Australians Delaying Retirement Due to Mortgages

This trend has become particularly pronounced among those aged 55 to 64, a demographic that has seen homeownership without a mortgage nearly halved over the past two decades. Many are facing the harsh reality of continuing to work well into their late sixties, driven largely by substantial mortgage debts.

Linda Thoresen, a 66-year-old civil servant, illustrates this struggle. Approaching pension age, she has decided to remain in the workforce to tackle her $170,000 mortgage. Despite her desire to retire, she is concerned about the potential necessity of selling her home for over 20 years if she cannot reduce her debt. This predicament is not isolated; it reflects a broader national issue where many older Australians are confronting similar financial pressures.

Recent census data highlights a worrying trend. The number of Australians aged 55 to 64 who own their homes outright has sharply decreased, with many carrying significant mortgage balances. A survey by Digital Finance Analytics found that the average loan for retirees was around $190,000, with some owing up to half a million dollars. Alarmingly, about 75 per cent of retirees with mortgages owe more than they have in superannuation, creating a precarious financial landscape for those approaching retirement.

The rising burden of mortgage debt is forcing individuals to reconsider their retirement plans. Martin North, a finance analyst, indicates that higher mortgage liabilities are compelling more people to stay in the workforce longer than they initially intended. This trend, initially confined to major cities like Melbourne and Sydney, is now spreading to other regions, including Hobart, Adelaide, and Brisbane.

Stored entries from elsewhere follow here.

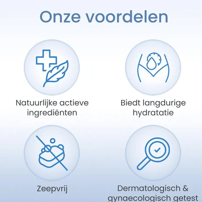 Biedt 8 uur hydratatie voor de gevoelige intieme zone.Verlicht droogheid & jeuk.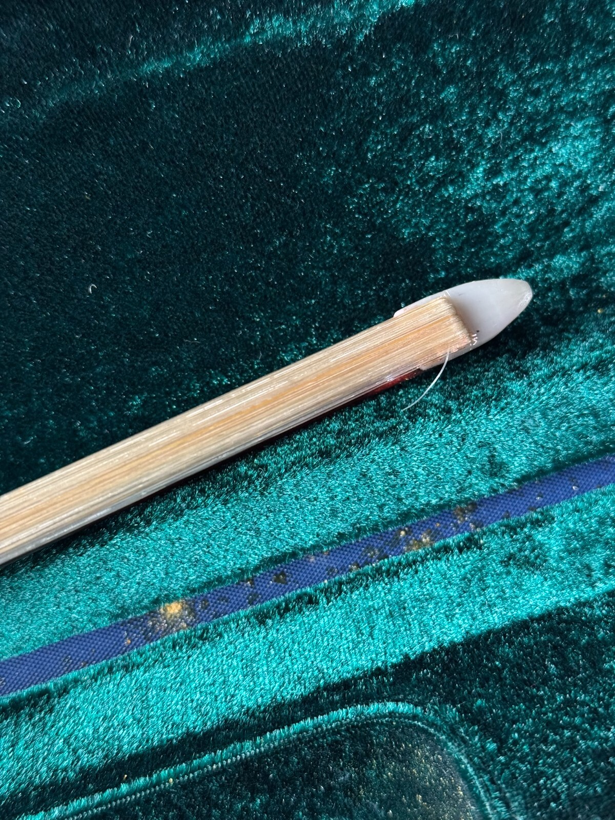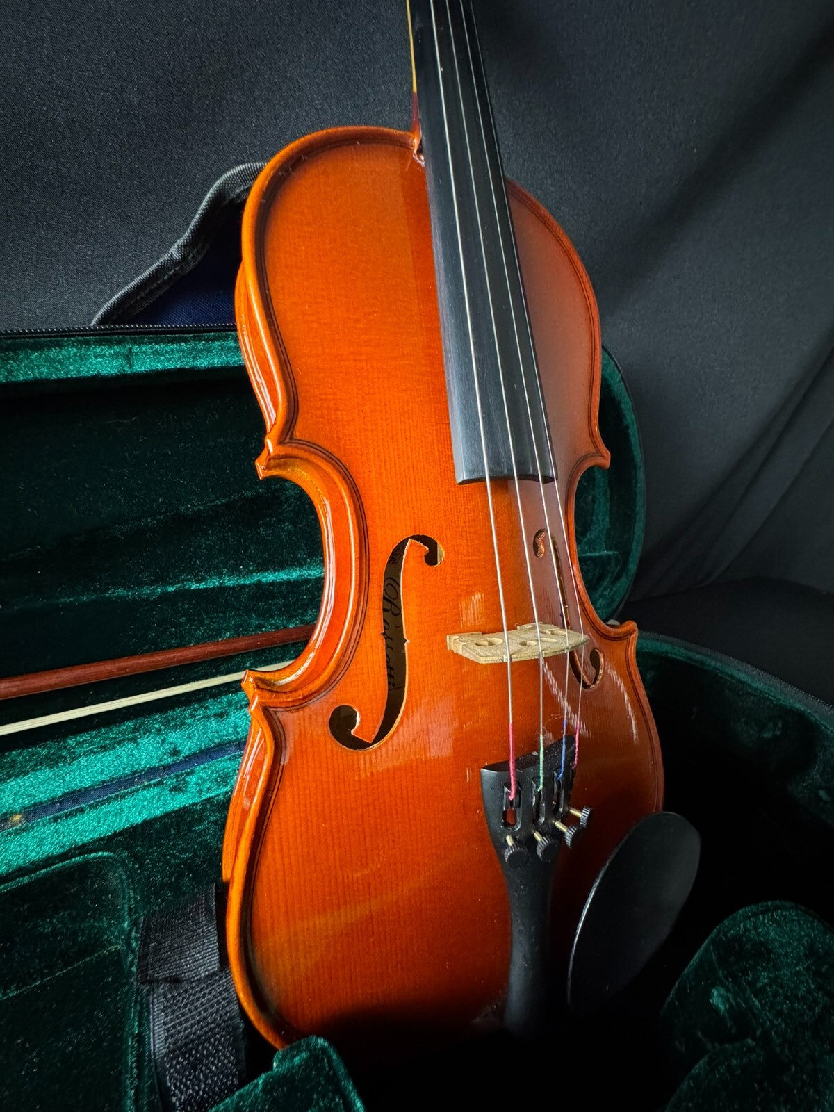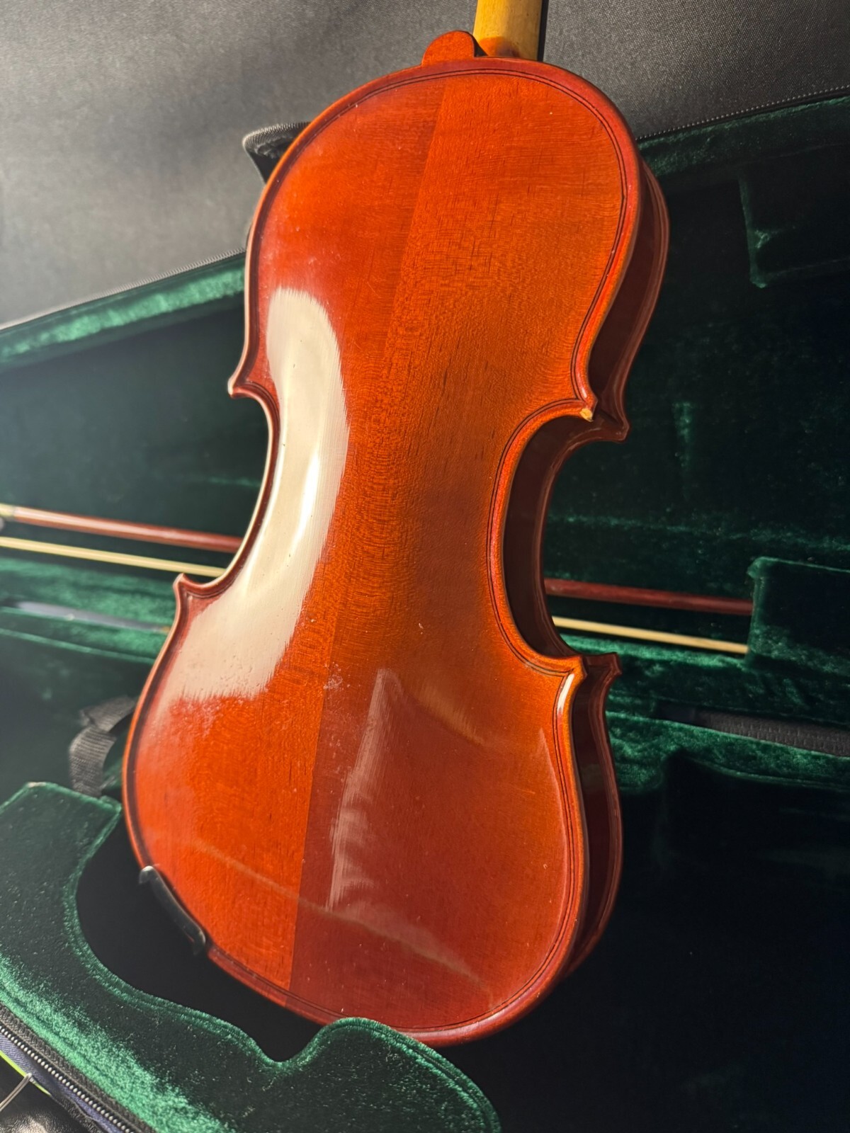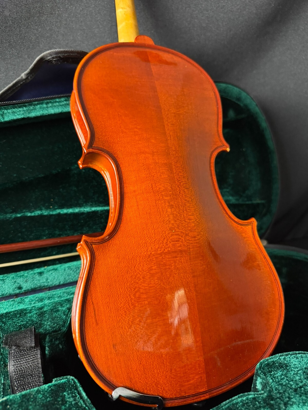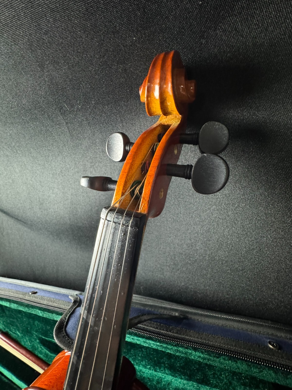 This is a used violin, sold as-is. Wear and tear consistent with age and use.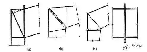 門式剛架橫梁與柱的連接,可采用端板豎放(圖a) 、端板斜放(圖b) 和端板平放(圖c) 。橫梁拼接時宜使端板與構件外緣垂直(圖d)。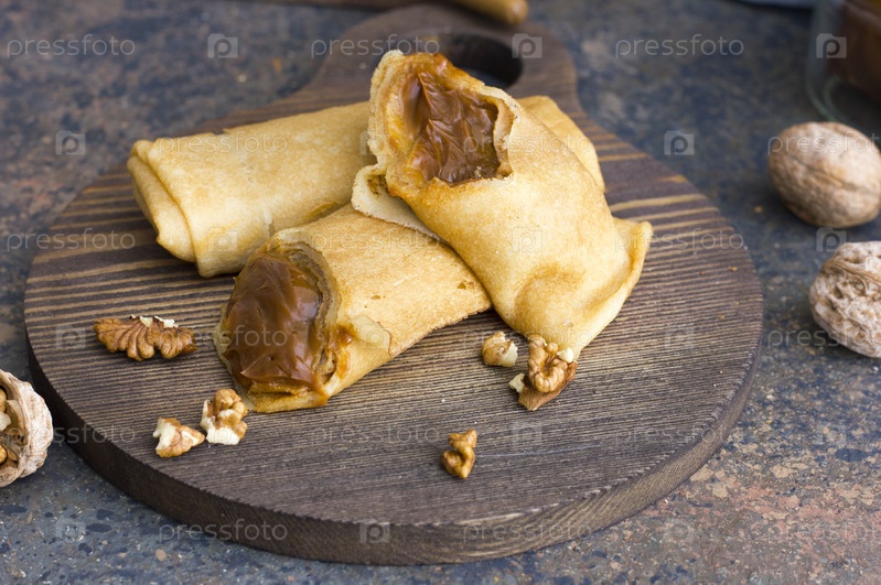 Блинчики с вареной сгущенкой и орехами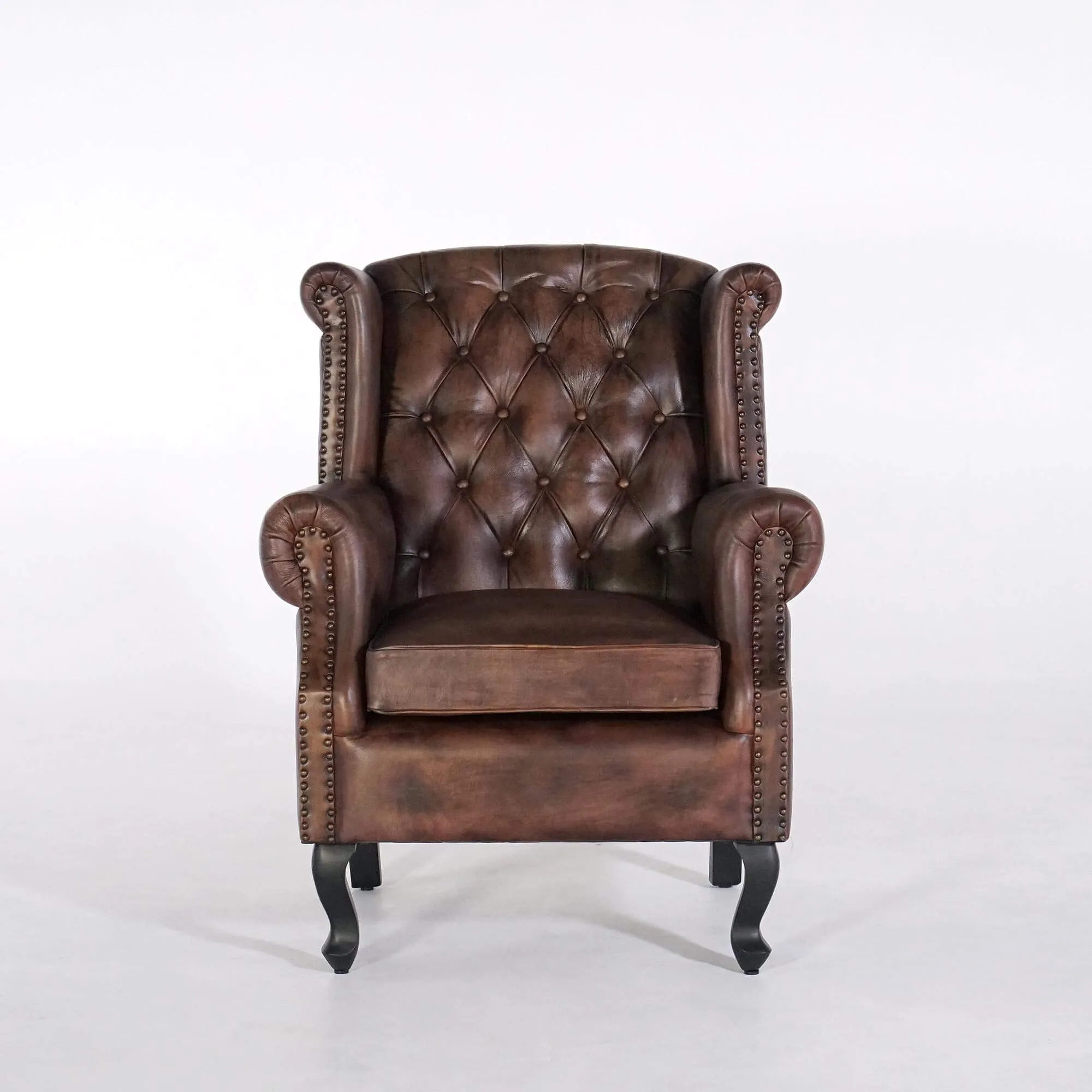 Als onderdeel van onze reeks fauteuils met vintage inspiratie combineert deze Engelse clubzetel bijzonder mooi met onze meubels in massief hout en metaal, voor een harmonieuze en coherente inrichting in de leefruimte.

In addition to the financial strain on older Australians, there are significant implications for future first home buyers. Data shows that the average age of first home buyers is climbing, with an increasing number purchasing homes well into their late thirties. The rising cost of housing, coupled with higher interest rates, means many young buyers are leaning on their parents for financial assistance, further complicating the retirement landscape for older generations.

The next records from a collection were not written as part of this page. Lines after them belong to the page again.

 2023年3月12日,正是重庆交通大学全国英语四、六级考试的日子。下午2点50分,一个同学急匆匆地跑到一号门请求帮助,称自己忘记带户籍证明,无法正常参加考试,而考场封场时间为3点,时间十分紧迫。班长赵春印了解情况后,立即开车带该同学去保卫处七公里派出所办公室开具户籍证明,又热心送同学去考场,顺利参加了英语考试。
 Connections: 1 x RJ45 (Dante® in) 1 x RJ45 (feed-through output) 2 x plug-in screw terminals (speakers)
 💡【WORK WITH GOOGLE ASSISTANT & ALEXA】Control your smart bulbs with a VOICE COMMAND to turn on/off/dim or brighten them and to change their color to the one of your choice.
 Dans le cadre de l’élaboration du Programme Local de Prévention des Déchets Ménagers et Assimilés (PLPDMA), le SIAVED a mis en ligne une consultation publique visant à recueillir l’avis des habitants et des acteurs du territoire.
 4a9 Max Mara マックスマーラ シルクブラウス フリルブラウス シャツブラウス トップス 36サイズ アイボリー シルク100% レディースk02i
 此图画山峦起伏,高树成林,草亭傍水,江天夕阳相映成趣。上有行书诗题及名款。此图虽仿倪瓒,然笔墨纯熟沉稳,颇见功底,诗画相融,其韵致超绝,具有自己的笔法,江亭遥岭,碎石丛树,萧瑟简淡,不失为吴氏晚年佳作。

The challenges extend beyond individual finances. Economic analysts warn that when retirees use their superannuation to pay off home loans, they risk becoming more reliant on government pensions, which could place additional strain on public resources. The recent federal government Intergenerational Report echoed these concerns, linking rising housing costs and stagnant wage growth as contributing factors to the growing debt among retirees.

As this complex situation unfolds, individuals like Linda Thoresen are searching for solutions that allow them to maintain their homes and quality of life. While the prospect of downsizing is emotionally daunting, many are left with few alternatives. For now, postponing retirement and continuing to work appears to be the most viable option for many older Australians facing mounting mortgage debt.